Quoi qu’il en soit, les approches divergentes de la Russie entre Paris et les capitales baltes sont liées à la différence de leurs rapports historiques avec Moscou. Pour ces petits États du nord de l’Europe, la Russie a toujours été la puissance dominante menaçant leur indépendance ; pour la France, c’est un partenaire diplomatique et culturel. Cela explique qu’Emmanuel Macron n’ait pas hésité à appeler à nouveau Vladimir Poutine, le 30 septembre dans la soirée – cette fois, pour évoquer la situation dans le Haut-Karabagh.

Un civil examine un fragment de missile après le bombardement du village d’Ivanïan (Haut-Karabagh) par l’Azerbaïdjan, le 1er octobre 2020. Photo : Vakhram Bagdasaryan/Photolure/TASS

Coprésidente (avec la Russie et les États-Unis) du Groupe de Minsk chargé par l’OSCE, depuis 1992, de la médiation dans ce conflit entre l’Arménie et l’Azerbaïdjan, influencée par l’importante communauté arménienne installée sur son territoire ainsi que par la présence d’Erevan au sein de l’Organisation internationale de la francophonie, la France ne saurait rester les bras croisés alors que la situation menace de dégénérer dans le Caucase.
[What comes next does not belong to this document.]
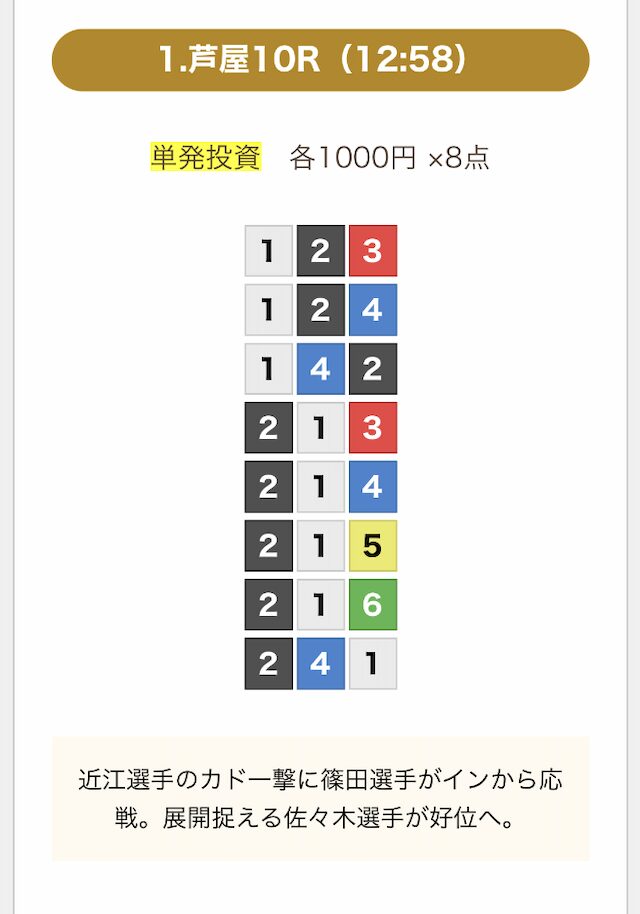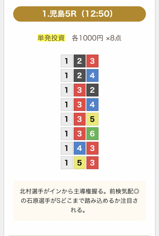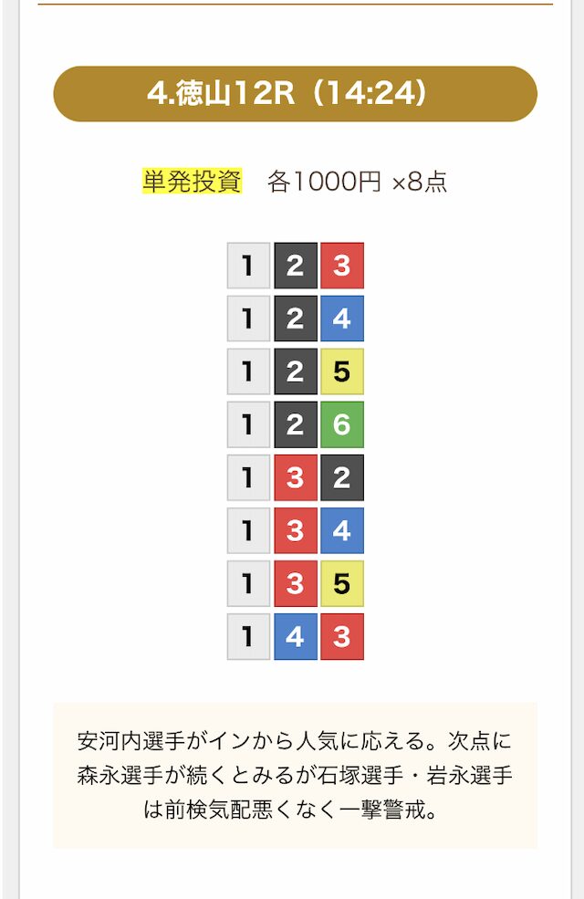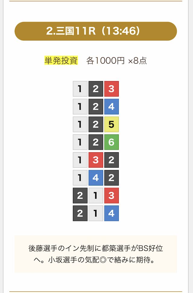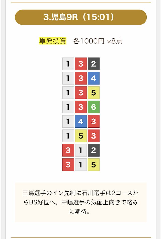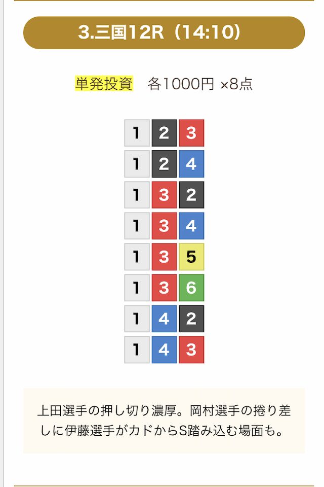 POINTポイント①.本命決着でも数万円の払い戻し!ポイント②.金額と点数調整がまさにプロ!ポイント③.2連勝で10万円超えのプラスも!- 匿名当たり前みたいに1号艇軸かと思いきや、3号艇から仕掛けて的中。ヒモ荒れまで拾ってくれてたのが地味にすごい。 ちょっと尖ってる構成だけど、変に手数が多くないのがありがたい。
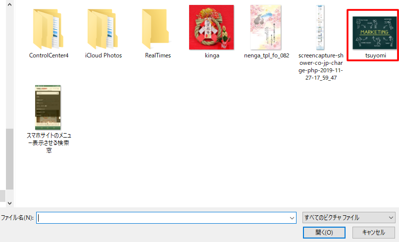 - 加工したい画像ファイルを選択して、「開く」をクリックする

Elle dispose toutefois de peu de leviers pour faire pression sur la Turquie, principal allié de l’Azerbaïdjan. Vladimir Poutine, au contraire, peut agir sur Recep Tayyip Erdoğan, mais entretient des relations compliquées avec le Premier ministre arménien, Nikol Pachinian. 

Preuve que les deux chefs d’État ont pleinement conscience de leur complémentarité sur le dossier, Vladimir Poutine n’a pas fait patienter son homologue et a promptement pris son appel, malgré l’heure relativement tardive à laquelle il lui était adressé. Et son service de presse a communiqué, dès la fin de l’entretien, vers minuit, sur la « sérieuse préoccupation » et la volonté commune des deux dirigeants de voir les belligérants « s’accorder rapidement sur un cessez-le-feu total et une désescalade des tensions ».